Semilinear parabolic partial differential equations (PDEs) are fundamental to modeling complex dynamical systems across scientific domains. The Deep Backward Stochastic Differential Equation (BSDE) method is a promising approach for high-dimensional PDEs; however, existing convergence results apply only to globally Lipschitz generators, excluding important cases such as Allen--Cahn and Hamilton--Jacobi--Bellman (HJB) equations. This paper presents both a theoretical and a computational advance for Deep BSDE methods. Theoretically, we establish the convergence theory for non--Lipschitz generators--covering Allen--Cahn equations with cubic nonlinearity and HJB equations with quadratic gradient growth--based on a bounded double--well lemma and a truncated-BSDE analysis within the Bouchard--Touzi--Zhang theory. Computationally, we instantiate the framework with XNet, a shallow architecture with $\mathcal O(L)$ parameters that preserves strong approximation while substantially reducing optimization and computational cost. Numerical experiments on 100--dimensional PDEs corroborate the predicted convergence behavior and demonstrate significant efficiency gains over standard feedforward implementations.

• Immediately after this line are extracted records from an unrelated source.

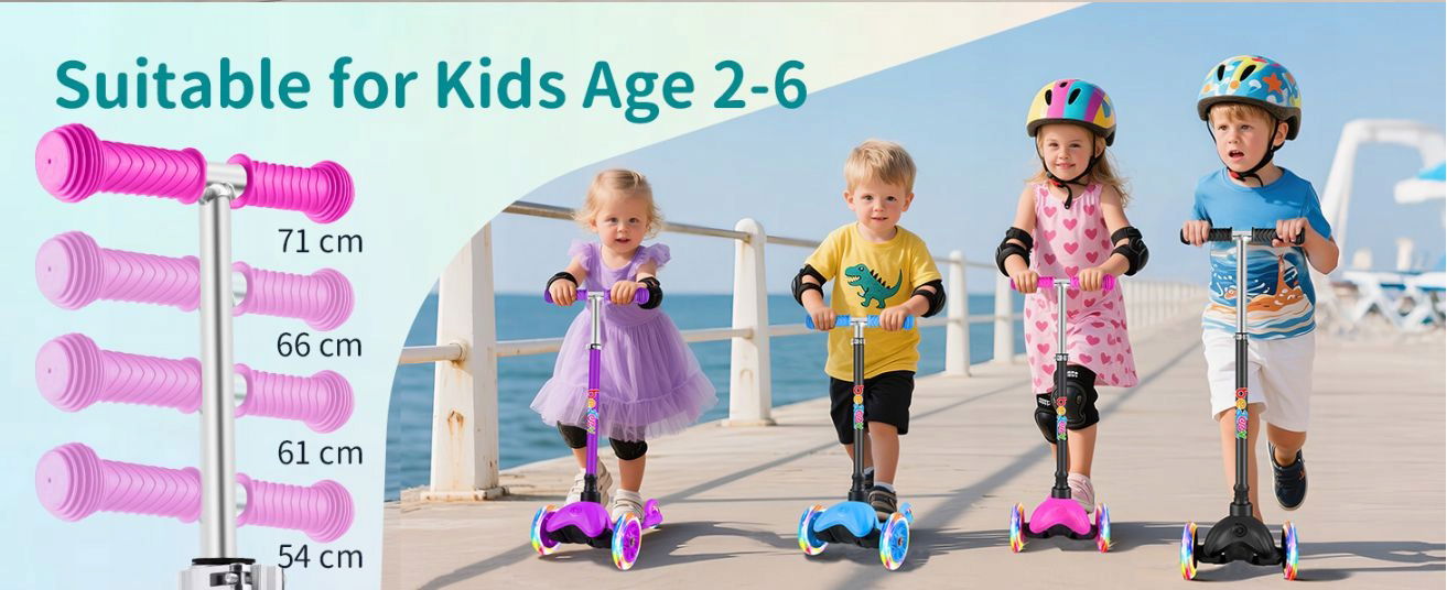 - Regulacja wysokości: Kierownica jest regulowana, dzięki czemu hulajnoga rośnie razem z dzieckiem, służąc przez wiele sezonów.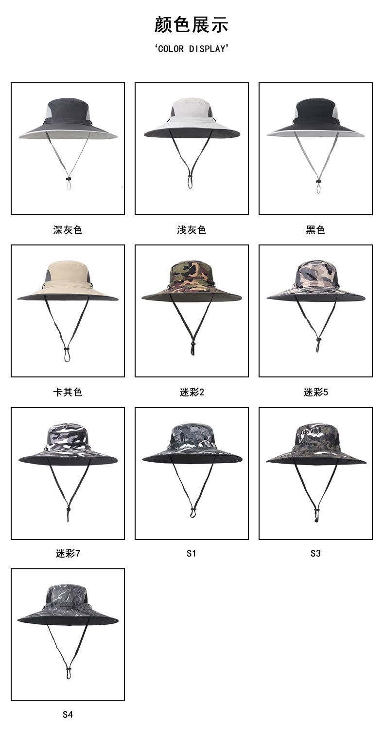 등산 어부 모자 야외 낚시 모자 하이킹 하이킹 큰 챙이 태양 모자 남성 여름 태양 보호 태양 모자 여행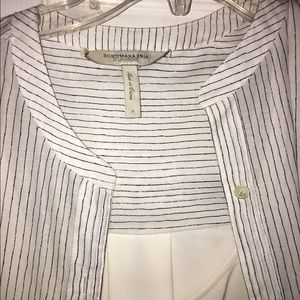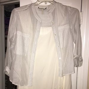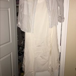 This piece is from the BCBG Runway Collection. It has a pin stripe button up shirt with a built in asymmetrical slip dress. This is a one of a kind. Very bohemian, perfect for vacationing or just everyday life!

翻译：半线性抛物型偏微分方程是跨科学领域建模复杂动力系统的基础。深度倒向随机微分方程方法为高维偏微分方程提供了有前景的求解途径；然而，现有的收敛性结果仅适用于全局Lipschitz生成元，排除了Allen-Cahn方程和Hamilton-Jacobi-Bellman方程等重要情形。本文在理论计算两方面推进了深度BSDE方法的发展。理论上，基于有界双阱引理和Bouchard-Touzi-Zhang理论框架下的截断BSDE分析，我们建立了涵盖三次非线性Allen-Cahn方程和二次梯度增长HJB方程等非Lipschitz生成元的收敛理论。计算上，我们采用XNet实例化该框架——这是一种具有$\mathcal O(L)$个参数的浅层架构，在保持强逼近能力的同时显著降低了优化与计算成本。针对100维偏微分方程的数值实验验证了预期的收敛行为，并表明相较于标准前馈实现方法具有显著的效率优势。